Darpan News Desk The Canadian Press, 01 Jan, 2016 02:27 PM
    VANCOUVER — A woman bitten more than 100 times while protecting her three-year-old nephew from a vicious dog is in critical condition following the second such canine attack to take place in British Columbia within a week.
     
    Officers in Richmond, B.C., responded Wednesday afternoon to multiple reports of a 21-year-old woman covered in blood, fending off a large Rottweiler cross on an outdoor field. Police had previously identified the animal as a Rottweiler-pit bull cross.
     
    "Our officers commented that it was a horrifying sight to bear witness to," said RCMP spokesman Const. Dennis Hwang in a statement.
     
    "We see and love dogs as faithful companions and now they were witnessing a scene from their worst nightmare."
     
    The toddler was unharmed but the boy's mother and a passerby were injured while trying to help out. Both were taken to hospital with laceration injuries but have been released.
     
    "Their drive to protect the boy was incredibly heroic," said Hwang.
     
    The boy's aunt is undergoing surgery after suffering dozens of bites, a broken arm and a detached bicep. Mounties said the dog belongs to her boyfriend.
     
    The canine ran off after being shot at by police but was eventually captured and is being held, uninjured, at a Richmond animal shelter.
     
    Whether the dog will be destroyed is a decision for the shelter and the City of Richmond, said Hwang.
     
    The attack followed a separate Christmas Day mauling in northern B.C.
     
    Two dogs tore into a couple's home in Fort St.

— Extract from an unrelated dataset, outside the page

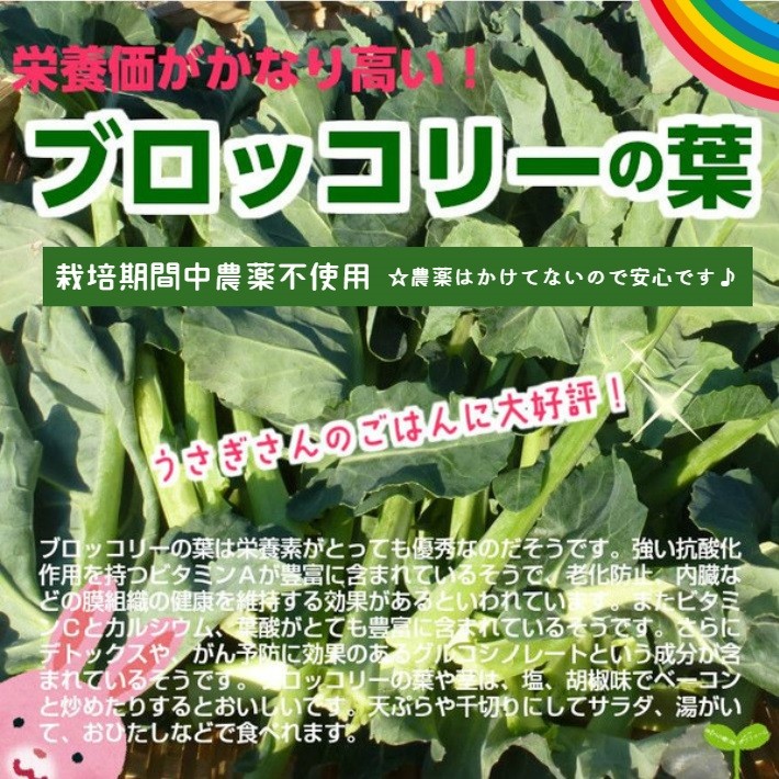 こちらのブロッコリーの葉は、露地栽培で、有機肥料をいっぱい入れて、栽培期間中農薬不使用・化学肥料不使用で育てられた野菜です。ブロッコリーの葉は栄養価がかなり高く、うさぎさんのごはんに大好評です!ブロッコリーの葉は栄養素がとっても優秀なのだそうです。強い抗酸化作用を持つビタミンAが豊富に含まれているそうで、老化防止、内臓などの膜組織の健康を維持する効果があるといわれています。またビタミンCとカルシウム、葉酸がとても豊富に含まれているそうです。さらにデトックスや、がん予防に効果のあるグルコシノレートという成分が含まれているそうです。ブロッコリーの葉や茎は、塩、胡椒味でベーコンと炒めたりするとおいしいです。天ぷらや千切りにしてサラダ、湯がいて、おひたしなどで食べれます。

John while chasing a cat and turned on Robin Elgie, 66, and his girlfriend, Wendy Lee Baker, 51.
     
    A frantic 911 call drew officers to the home where they found Baker suffering from severe bite wounds and Elgie unresponsive in a chair while the dogs mangled his arms.
     
    "(The officers) tried everything that they could to distract the dogs, to draw their attention away, but they still kept attacking this man," said Tyreman.
     
    "At that point they felt they had no other alternative but to use lethal force."
     
    Officers shot and killed one dog but the other escaped with serious injuries before it was tracked and "humanely put down," Tyreman added.
     
    Elgie is in intensive care at an Edmonton hospital and may lose his left arm as a result of his injuries, but family friend Kim Babcock said he remains in good spirits.
     
    "He's not angry. He just says: 'We're so lucky, we're so lucky. If (Wendy) Lee had been by herself, they could have killed her,'" said Babcock, who owns the Fort St. John contracting company where Elgie is employed.
     
    "He's just, he's an amazing person."
     
    Doctors are waiting to see if blood flow can be restored to Elgie's damaged limbs, she added.
     
    By early Thursday, a GoFundMe campaign launched by Babcock on Wednesday to cover the cost of bringing Baker to Elgie in Edmonton and cleaning and repairing their damaged home passed its $10,000 goal.
     
    Babcock said Baker gave a statement to RCMP on Thursday, while officers traced the dogs to their owner and determined what prompted the attack.